Assignment: All that is needed is the line containing "من به عنوان" and the lines after it to the end of the material, written out exactly, pictures left aside.

Recorded information:

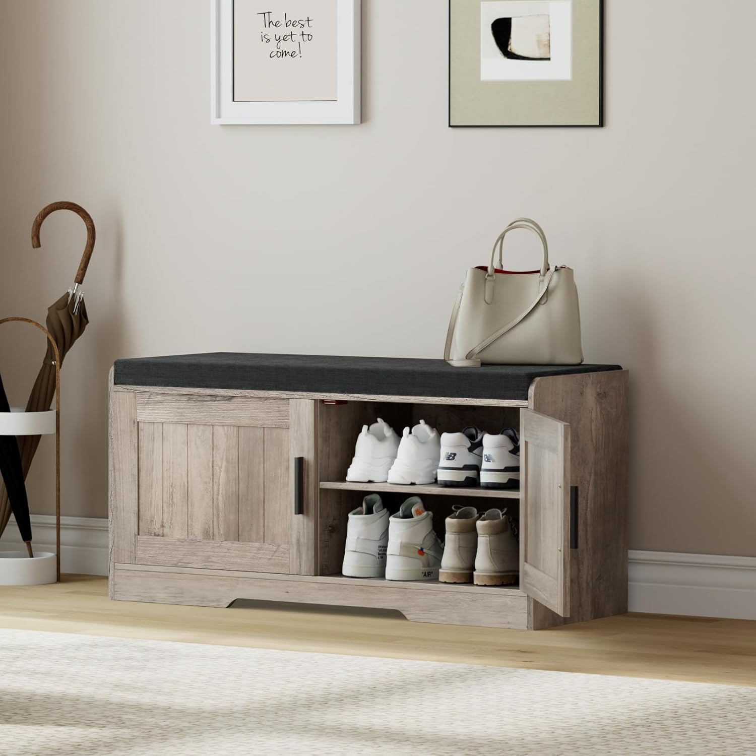 - More Comfortable Shoe Change Cabinet: With a 2-inch thickened padded sponge cushion on the bench top, you can change shoes by sitting on the bench more comfortable without bending down or squatting
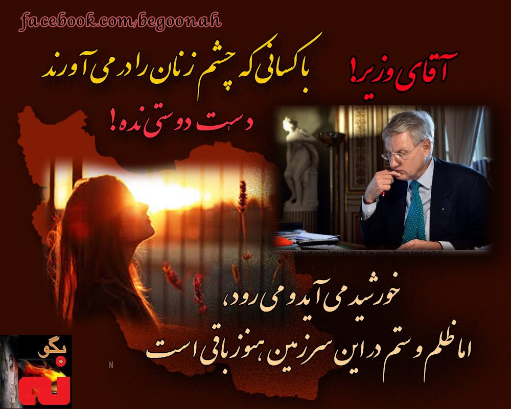 من به عنوان شهروندی ایرانی سوئدی خجالت می کشم از اینکه در روزنامه ها بخوانم که کارل بیلدت وزیر خارجه سوئد به ایران سفر می کند و با کسانی دست می دهد که درسوریه نسل کشی وکارهای تروریستی ، اعدام ، شکنجه، بی عدالتی، فساد در عراق و ایران ، خشونت علیه زنان و کودکان می کنند.
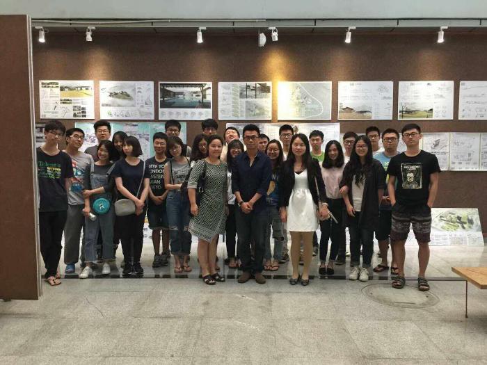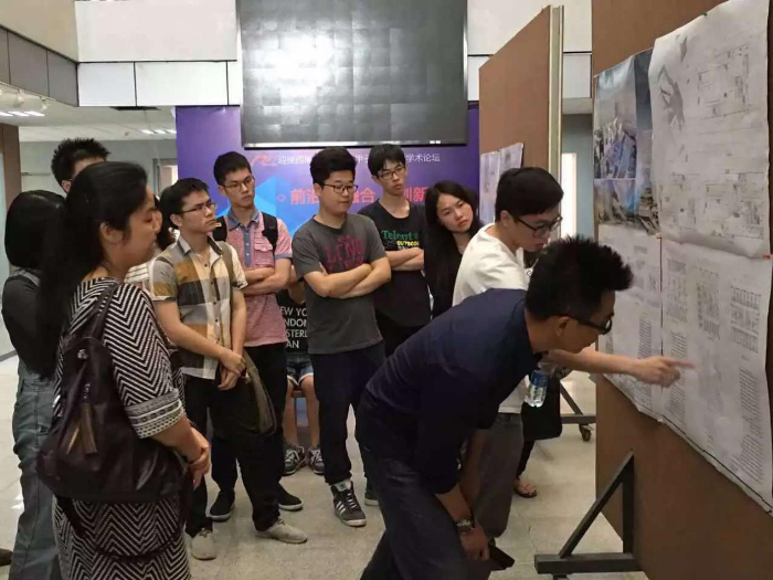 与基准方中未来教学、研究、实践合作进行座谈,建筑系副系主任祝莹副教授主持此次讲座,王晓南、袁红两位任课老师与总建筑师共同讲评高层建筑设计方案。

Expected output:
 من به عنوان شهروندی ایرانی سوئدی خجالت می کشم از اینکه در روزنامه ها بخوانم که کارل بیلدت وزیر خارجه سوئد به ایران سفر می کند و با کسانی دست می دهد که درسوریه نسل کشی وکارهای تروریستی ، اعدام ، شکنجه، بی عدالتی، فساد در عراق و ایران ، خشونت علیه زنان و کودکان می کنند.
 与基准方中未来教学、研究、实践合作进行座谈,建筑系副系主任祝莹副教授主持此次讲座,王晓南、袁红两位任课老师与总建筑师共同讲评高层建筑设计方案。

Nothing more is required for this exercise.